Comment by Konstantinos C. Koskinas, Population Science and Public Health Section

22 Feb 2021
Koskinas

Dr. Konstantinos C. Koskinas , FESC

Preventive Cardiology

Blood cholesterol is a well-recognised risk factor for the development and progression of atherosclerosis. Consistent evidence from genetic studies, epidemiologic observations, and randomised controlled trials (RCT) has unequivocally shown that elevated plasma concentrations of atherogenic lipid, particularly low-density lipoprotein cholesterol (LDL-C), are causally linked to atherosclerotic cardiovascular disease (ASCVD).(1) Conversely, for higher-density lipoprotein cholesterol (HDL-C), higher levels are associated with a lower ASCVD risk.

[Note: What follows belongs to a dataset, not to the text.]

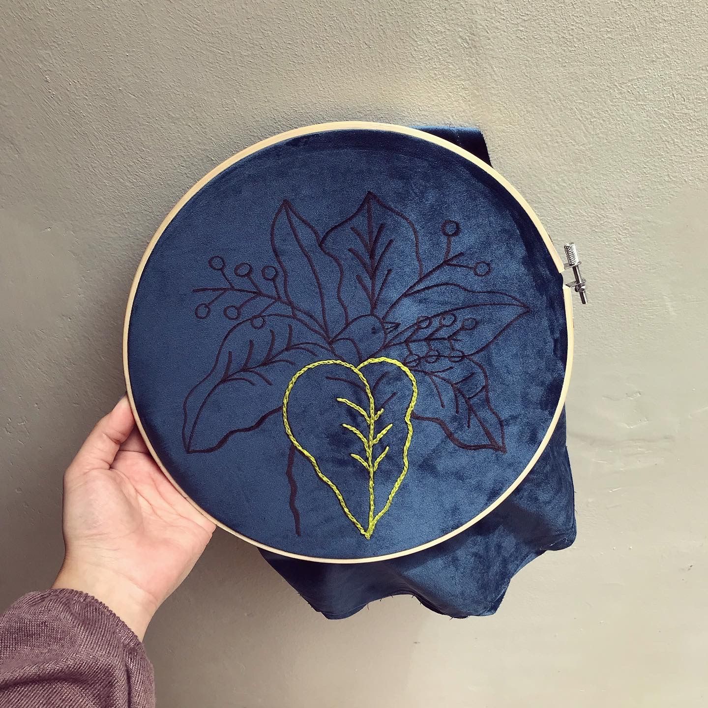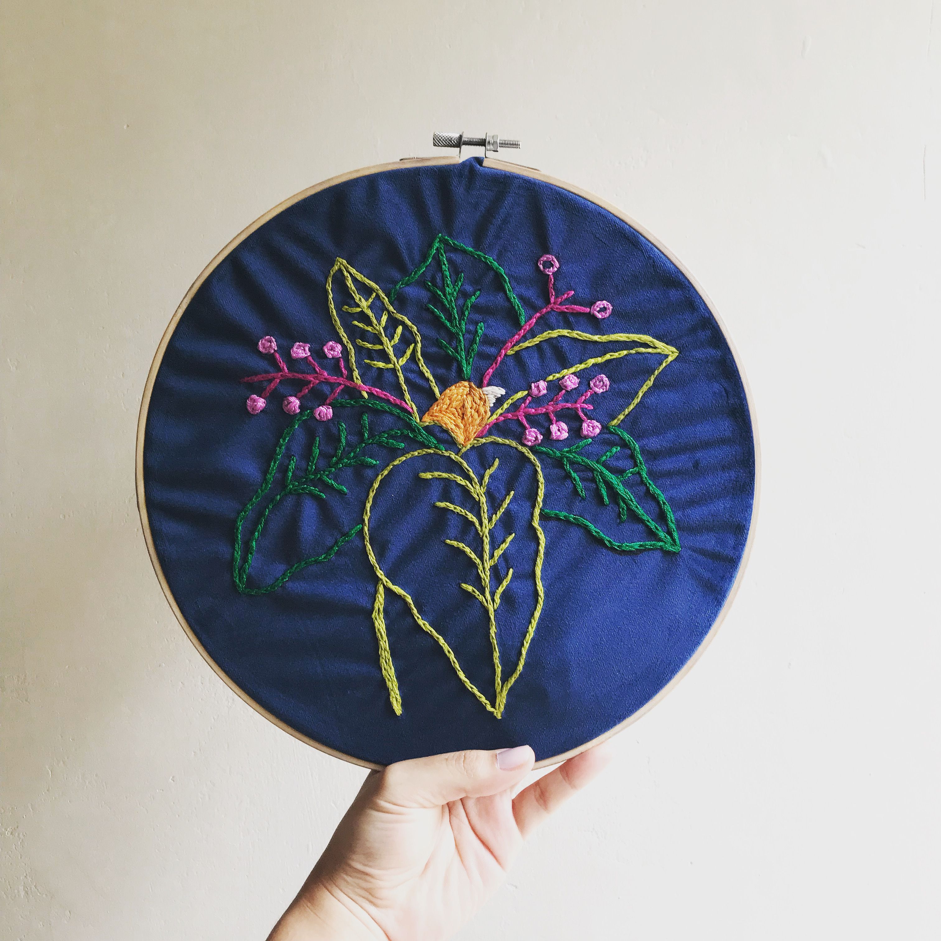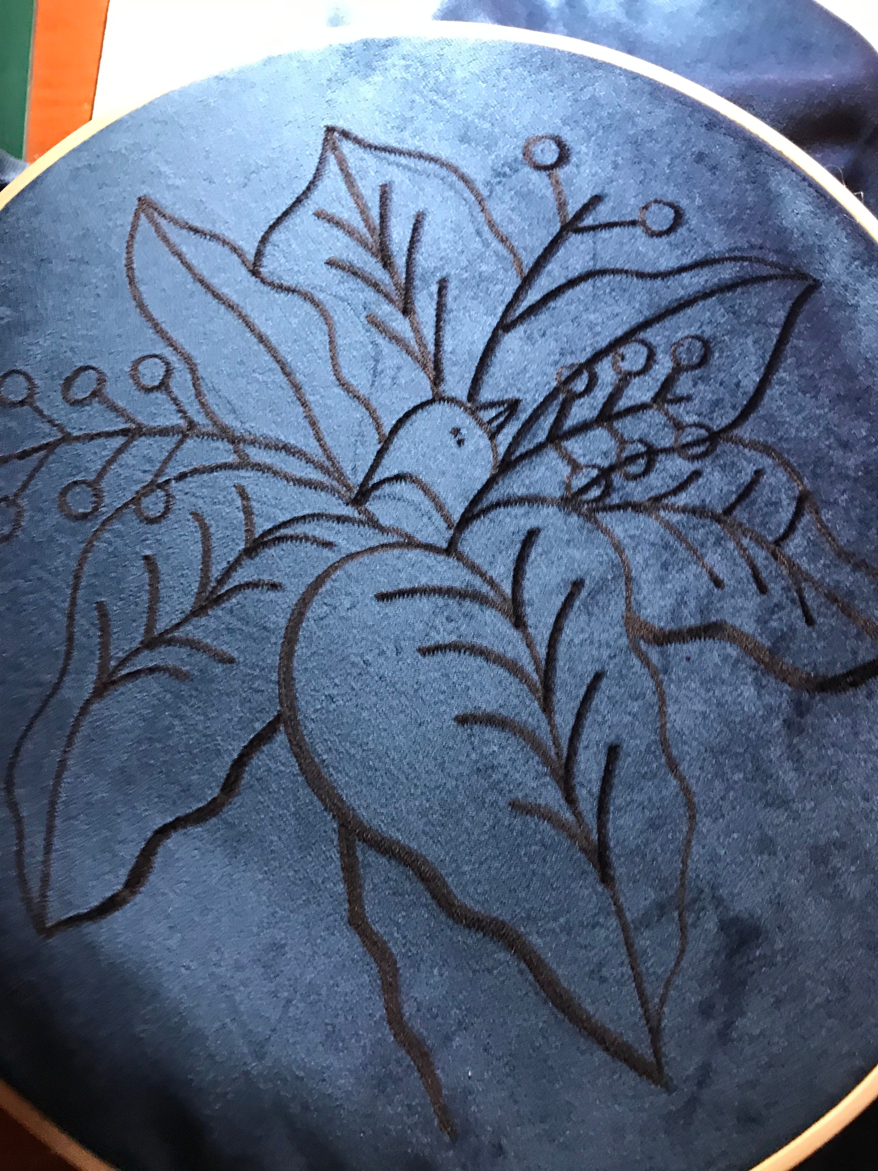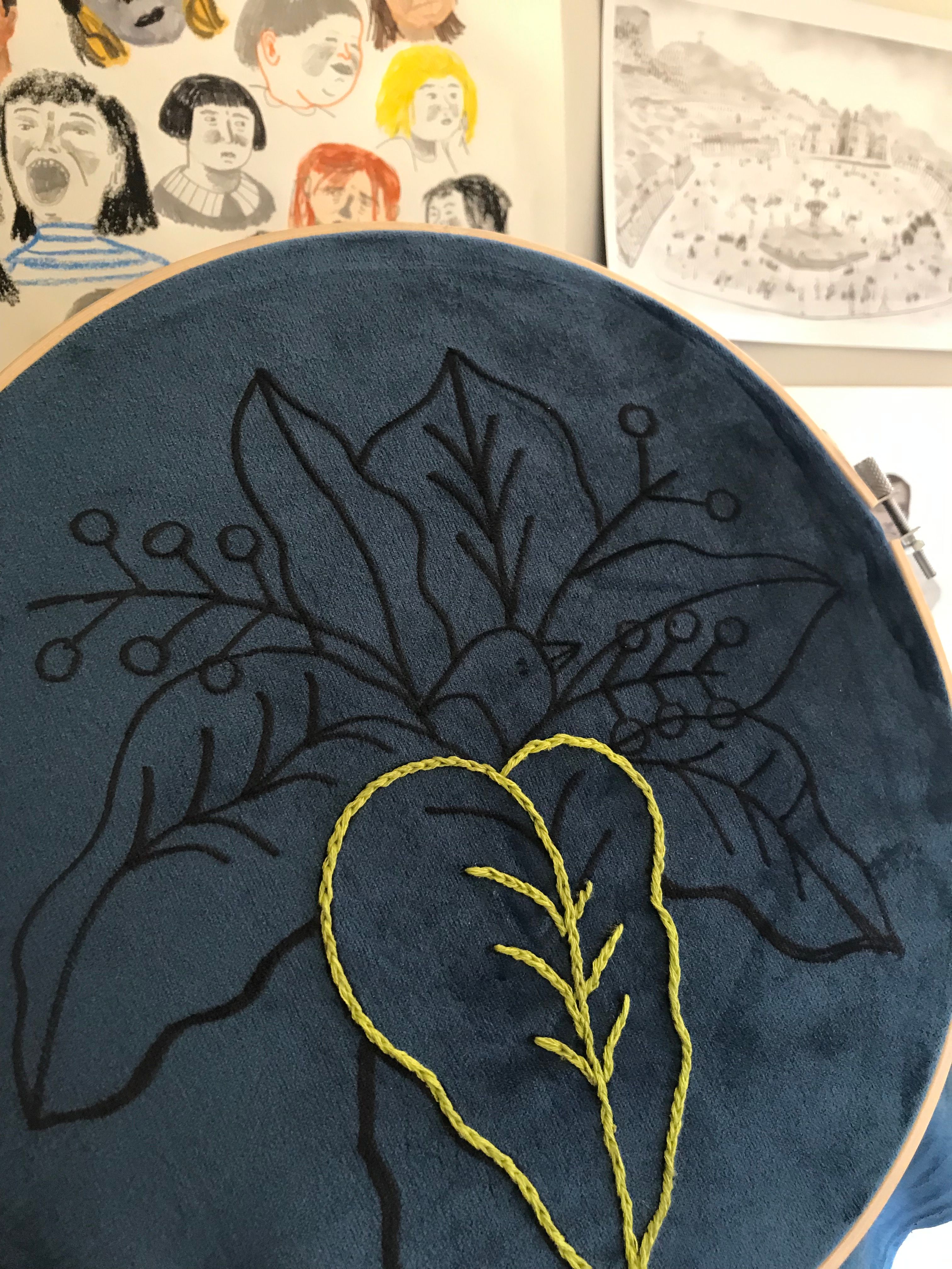 Un cojín nuevo para bordar. Tenía un dibujo que esperaba en mi bitácora hace mucho y decidí traspasarlo a la tela. Escogí los colores más parecidos al boceto pero que también contrasten bien con la tela azul aterciopelada. El resultado me gustó mucho y espero usar otra tela para combinar la ilustración y el bordado como técnicas creativas e inspiradoras.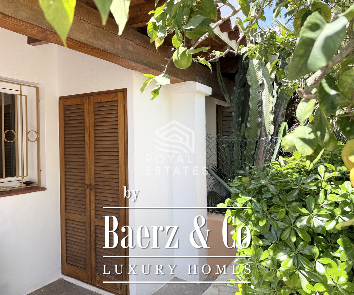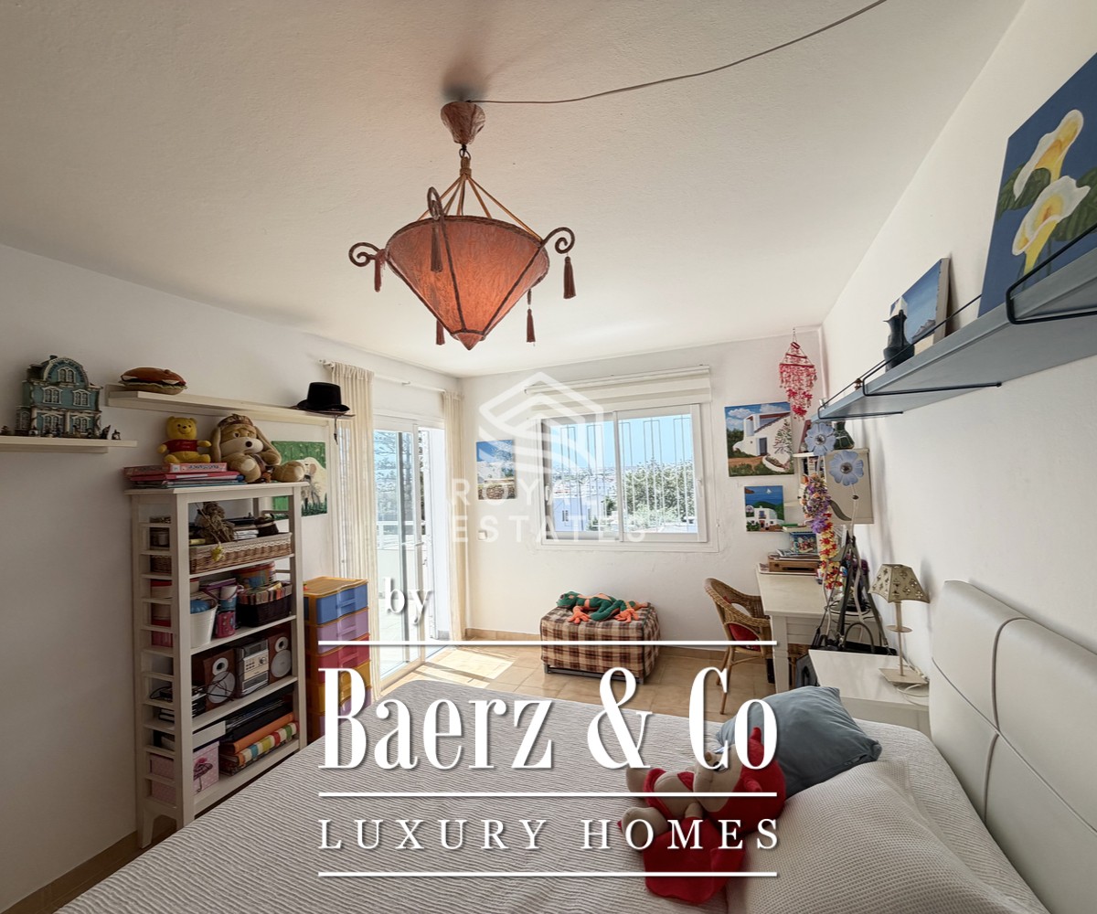 On the first floor, three double bedrooms enjoy ample proportions and natural light, with two offering direct access to a private terrace. The master bedroom, secluded on the top level, includes a hydromassage bathtub and views towards Dalt Vila, alongside a laundry area and additional flexible room. Outdoor areas, adorned with greenery, flowers and a lemon tree, invite year round enjoyment. With its combination of comfort, functionality and premiere location, this home offers an authentic approach to Ibiza island living.

In their recent article, Kim and all analyzed coronary computed tomography angiography (CCTA) data from 5,130 non-diabetic Korean patients without known coronary artery disease in relation to HDL-C and LDL-C levels.(2) Imaging outcomes included any obstructive plaque; presence of obstructive plaques in clinically most relevant locations (i.e. left-main or proximal left anterior descending artery); and multivessel obstructive lesions. The authors found that patients with low levels (< 40 mg/dL) of HDL-C, as compared with those with higher levels (≥ 40 mg/dL), had a higher prevalence of obstructive plaques (by any of the aforementioned three definitions), but only in the subgroup of patients with LDL-C levels <130 mg/dL. In contrast, there was no difference in the prevalence of obstructive plaques in relation to HDL-C in the context of higher (≥ 130 mg/dL) LDL-C levels.(2)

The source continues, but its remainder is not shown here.